Reputation: 189
How to find if a string is present with one or two mismatch in another string?
my $find = "MATCH";
my $search = "stringisMATTHhere";
# $search has one mismatch: MATTH
# for exact match, this one seems working
if ($search =~ /$find/){
print "String found";
}
else {
print "String not found";
}
How can I solve this issue with one mismatch: MSTCH, AATCH, MACCH, etc. and two mismatches: ATTCH, MGGCH, etc
Upvotes: 0
Views: 1431
Reputation: 385789
So you want to do
/
..TCH | .A.CH | .AT.H | .ATC. |
M..CH | M.T.H | M.TC. |
MA..H | MA.C. |
MAT..
/x
or
/
\w\wTCH | \wA\wCH | \wAT\wH | \wATC\w |
M\w\wCH | M\wT\wH | M\wTC\w |
MA\w\wH | MA\wC\w |
MAT\w\w
/x
Easy enough:
my @subpats;
for my $i (0..length($find)-1) {
for my $j ($i+1..length($find)-1) {
my $subpat = join('',
substr($find, 0, $i),
'.', # or '\\w'
substr($find, $i+1, $j-$i-1),
'.', # or '\\w'
substr($find, $j+1),
);
push @subpats, $subpat;
}
}
my $pat = join('|', @subpats);
$search =~ /$pat/
Perl 5.10+ trie-based alternations should optimize the common leading prefixes into something efficient.
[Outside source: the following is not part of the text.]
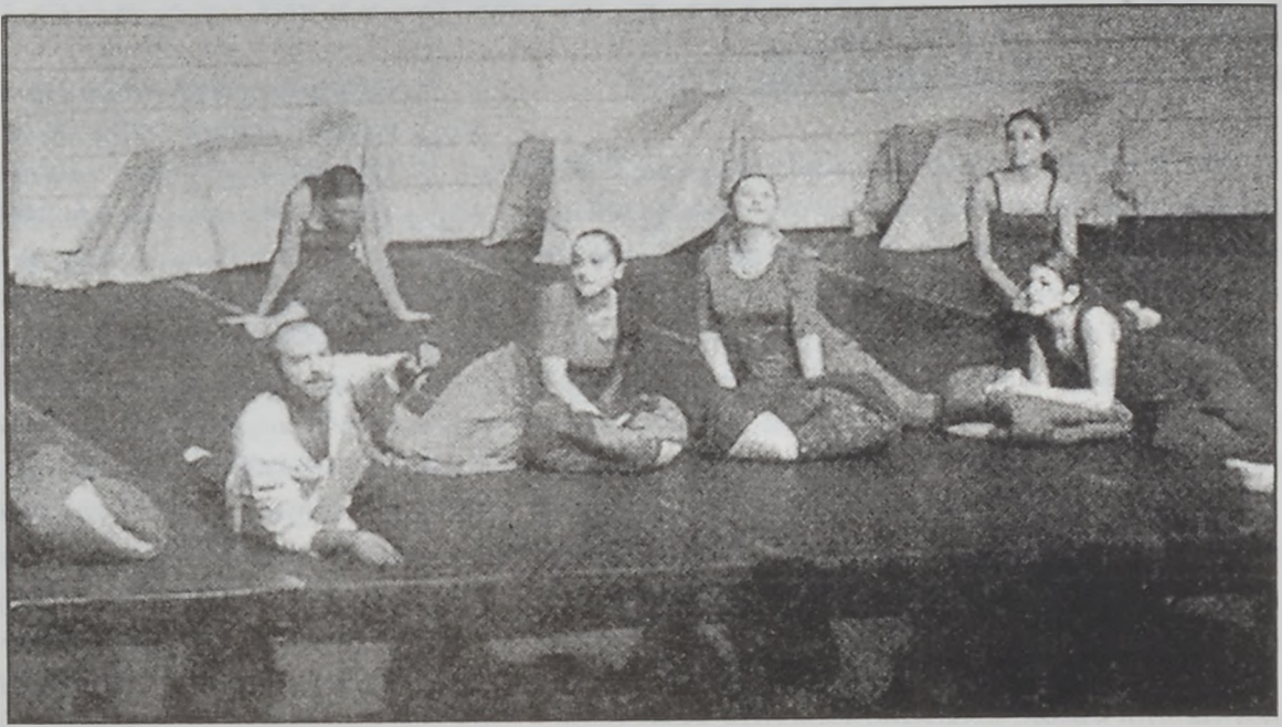
Տեսարան մը՝ «Էքուր, լա ռեսպիտաիոն տե մենուար»-էն:

Լ ի բ ա ն ս ն ց ի ֆրանսագիր բանաստեղծ Նատիա Թուէյնիի յիշատակին նուիրուած եւ անոր կեանքին ու գործերուն եւ յիբանանեան հանրութեան միջեւ մտերմութիւն մը առաջադրող պարային-թատերական ներկայացում մըն է «Էքուր, լա ռեսպիտաիոն տե մենուար»-ը, զոր բեմադրած են Լիւիս Ապիատ եւ Մէյ Օկտրն-Միիթ: Երկու արուեստագետները, որոնք վերջին երկու տարիներուն քանիցս բեկամանացուցած էին Նատիա Թուէյնիի բանաստեղծութիւնները, իրենց այս գործով բազմապատկապ յարուստեան կարողութիւնները ցուցնելու համար օգտուած են իրենց յարմարութիւնները:

Saves us the trouble of generating (?:.…|M…)
.
Upvotes: 2
Reputation:
I got re-interested in this so I thought I'd try something with a little more
variability in a controlled way.
Features:
- Can set a min/max mismatch range for individual find's.
- Can set a flag to exclude/include space 0x20 or less in the mismatch count.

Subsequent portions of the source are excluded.